> **TASK OBJECTIVE**
Please copy exactly the lines from the first in the records through the line that contains "안 해…내가 내려놔야", but not the pictures.
:: SUPPLIED MATERIAL
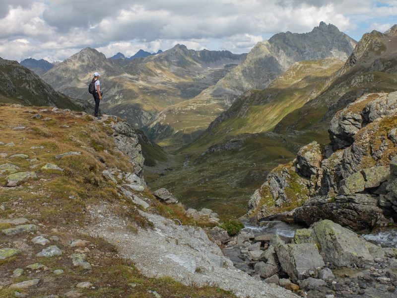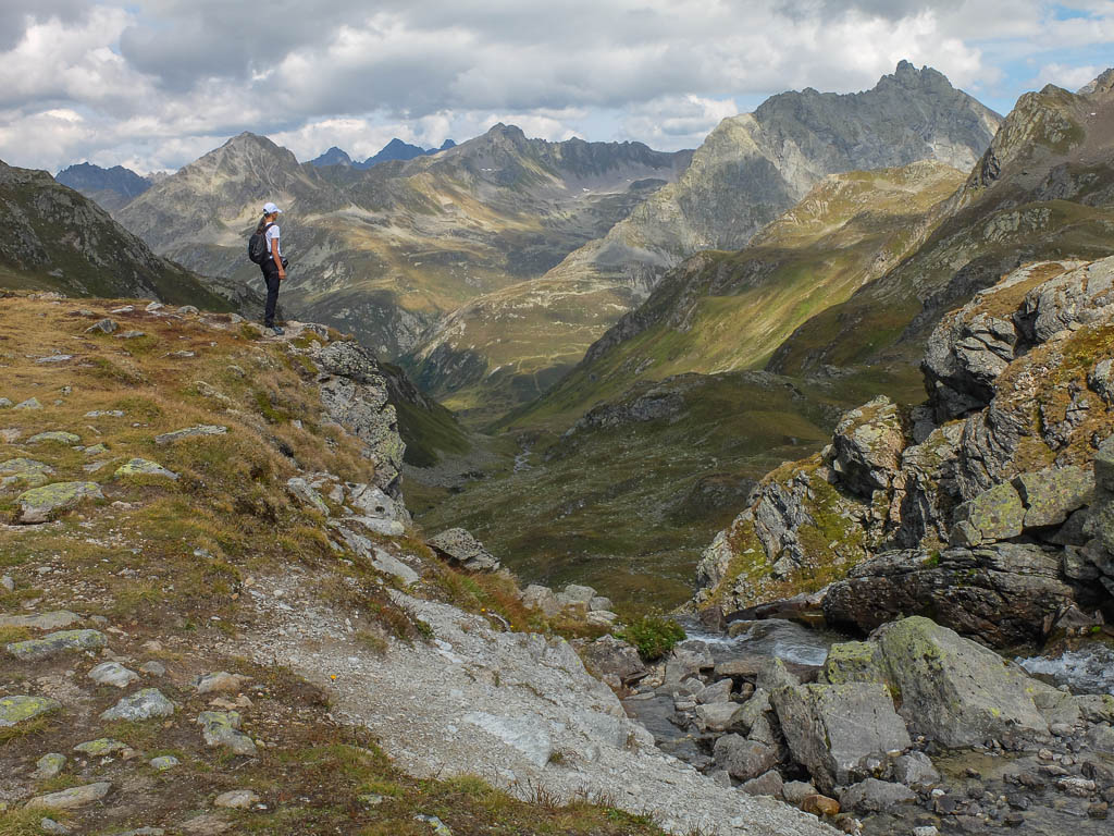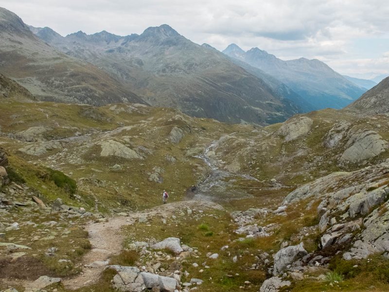 Das Wasser des großen Jörisees stürzt hier als Jöribach hinunter bis nach Vereina. Ein Blick zurück während des Aufstiegs zur Jöriflüelafurgga:
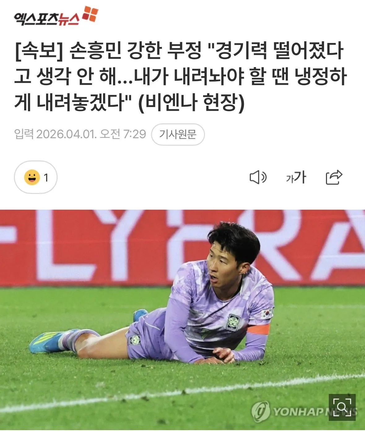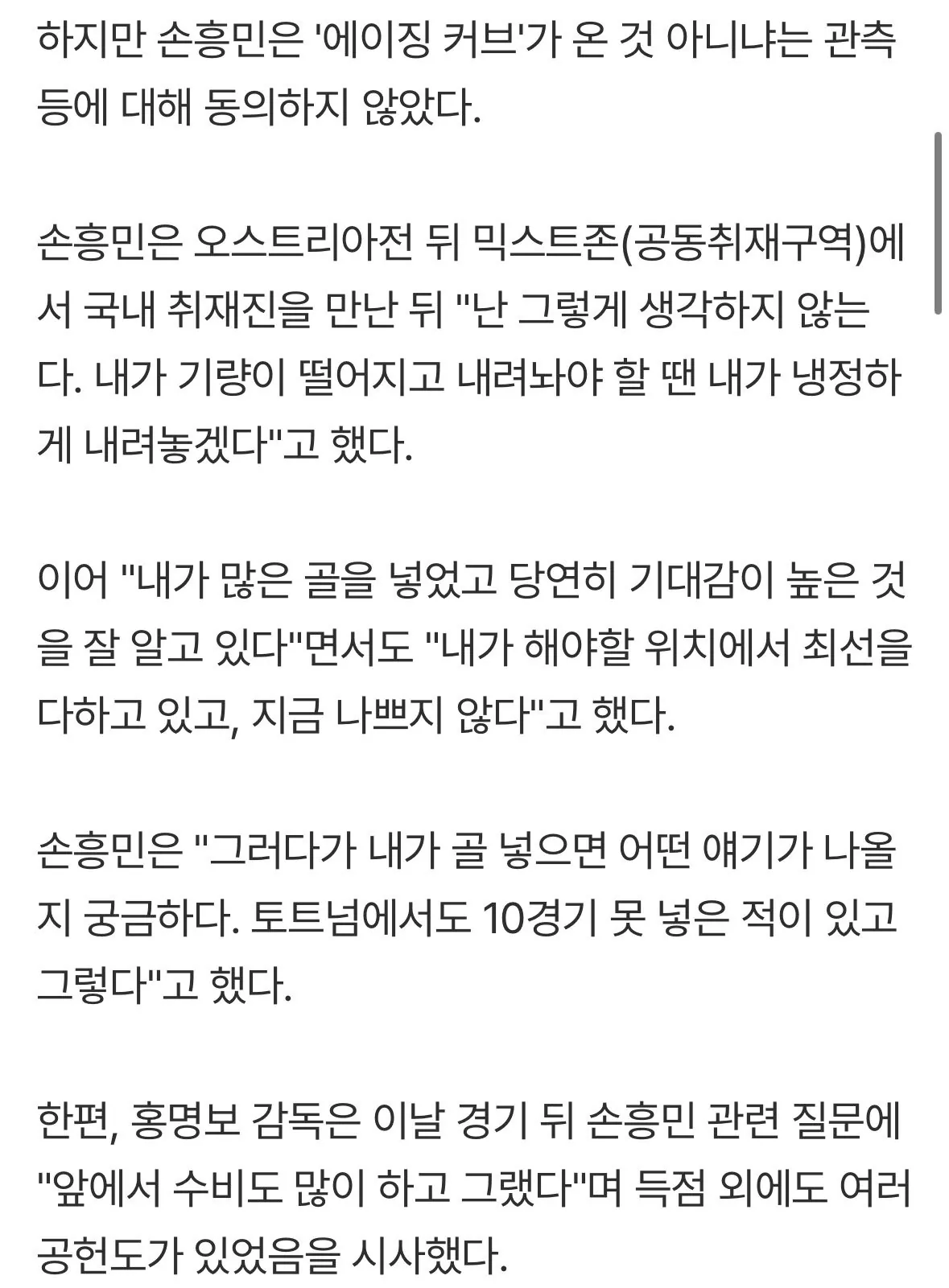 손흥민 강한 부정 "경기력 떨어졌다고 생각 안 해…내가 내려놔야 할 땐 냉정하게 내려놓겠다"
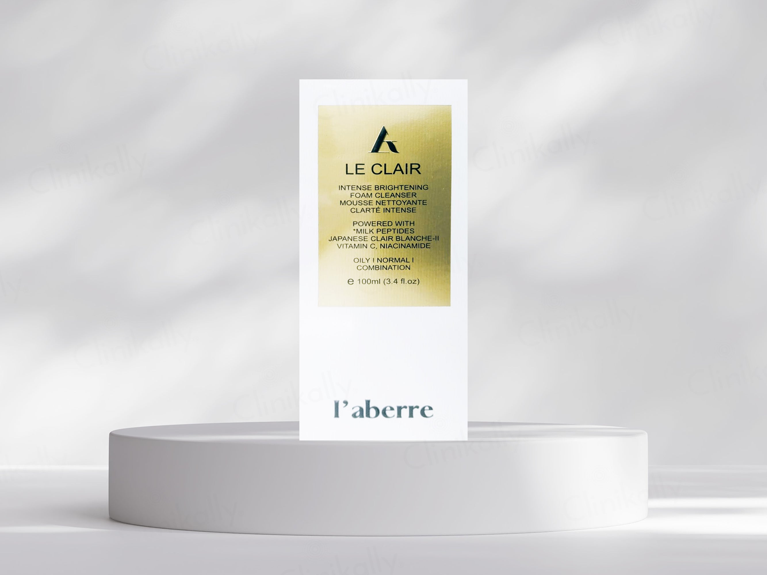 L'aberre Le Clair Intense Brightening Foam Cleanser is a skincare product designed to gently cleanse, brighten, and refine skin texture with a blend of Niacinamide, Vitamin C, and Licorice Extract. Enriched with Aloe Vera and Glycerin, it removes impurities, evens skin tone, and hydrates without irritation for a radiant complexion. This mild foam cleanser, suitable for daily use on all skin types, delivers visible brightening benefits over time.
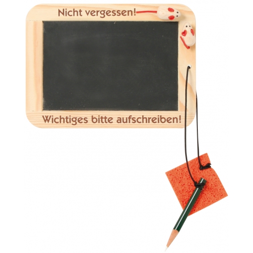 Mit dem Kreidegriffel ist die Tafel leicht zu beschriften und mittels feuchtem Schwämmchen auch schnell wieder zu reinigen.
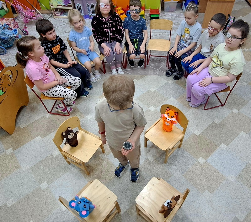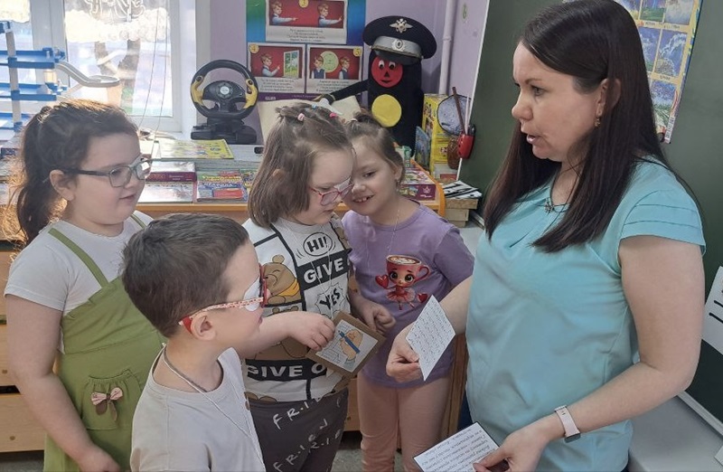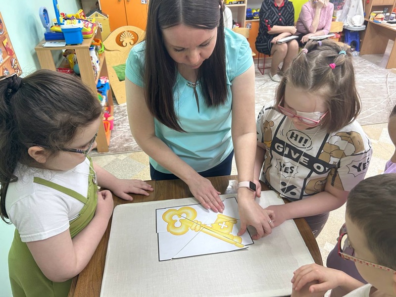 Учитель-дефектолог Баранова О.И. в старшей-подготовительной группе с нарушением зрения (подготовительный возраст) провела открытое занятие, которое было направлено на развитие микро и макро пространственной ориентировки. На занятии ребятам были предложены разнообразные игры и упражнения. Дети проявляли активность, эмоционально реагировали на задания, активно использовали имеющиеся знания и умения.
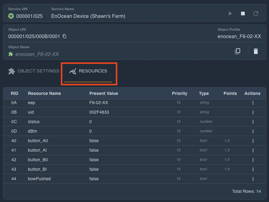 Once the object is live, any decoded data from the corresponding EnOcean device can viewed by navigating to that objects resources:
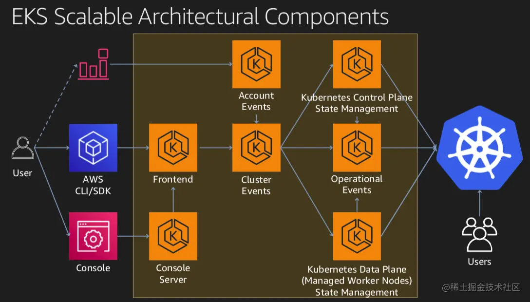 中间这一坨黄色框框里的就是EKS背后的组件了。看起来是一个典型的微服务架构:首先从最左边的 Frontend 开始,这里提供了EKS API,用户可以通过 AWS CLI/SDK 来发起相应的API操作,比如查询或创建集群等。Console,也就是UI,是有一个单独的 Console Server,然后调用 Frontend. 所以说 AWS 的服务都是先有API,然后才有UI 。各种的事件汇聚后,会由两个状态管理服务来分别对集群的Control Plane和Data Plane(如果使用托管节点组)进行管理。
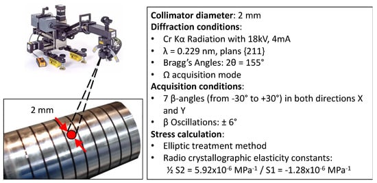 The residual stress gradients were measured using the X-ray diffraction method (PROTO XRD). The diffraction parameters and elasticity constants for 15-5PH are indicated in Figure 4. A detailed description of this measuring technique is available in [3].
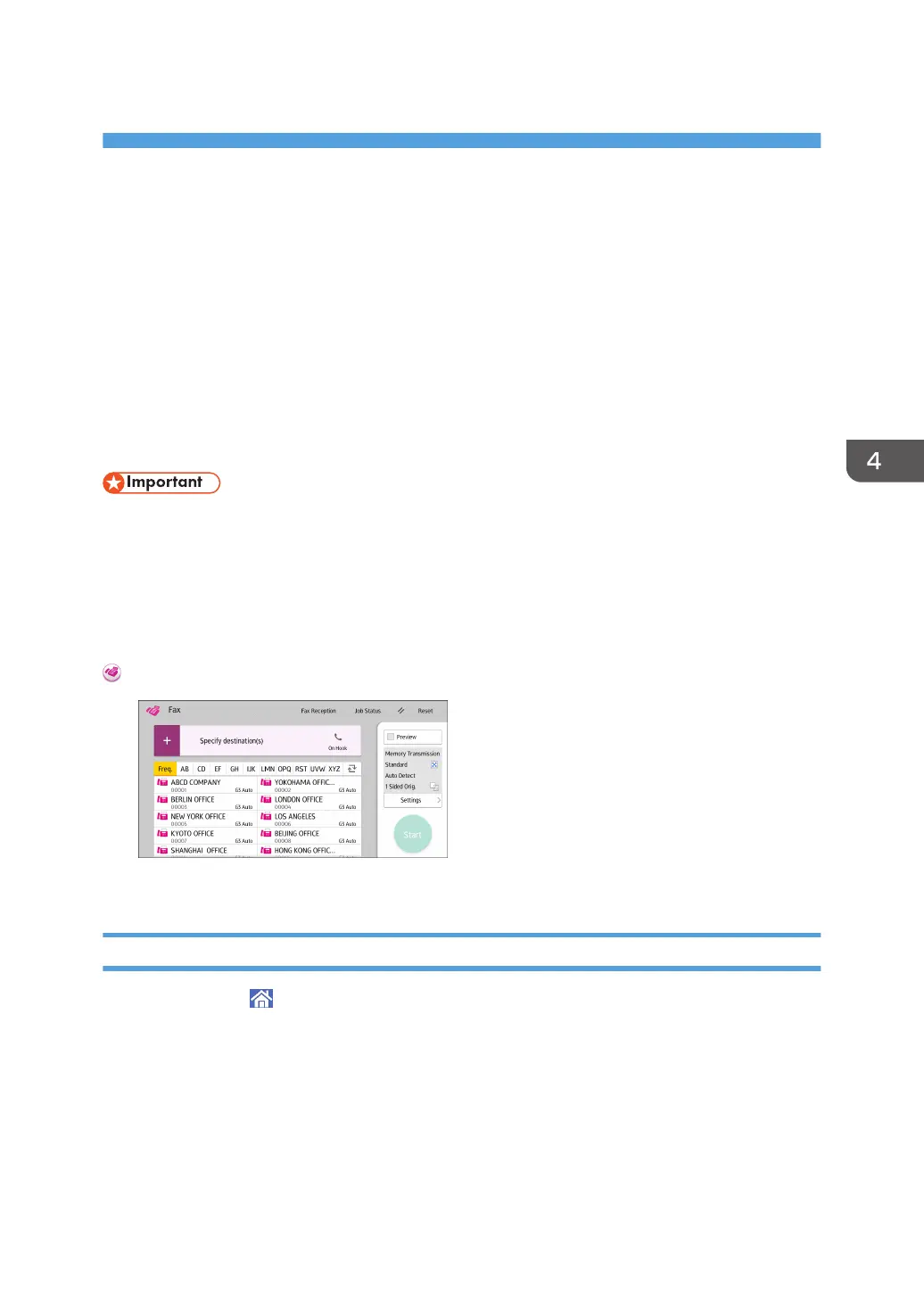 You can specify the fax, IP-Fax, Internet Fax, e-mail, or folder destinations. Multiple types of destination
::::
> **TASK RESULT**
 Das Wasser des großen Jörisees stürzt hier als Jöribach hinunter bis nach Vereina. Ein Blick zurück während des Aufstiegs zur Jöriflüelafurgga:
 손흥민 강한 부정 "경기력 떨어졌다고 생각 안 해…내가 내려놔야 할 땐 냉정하게 내려놓겠다"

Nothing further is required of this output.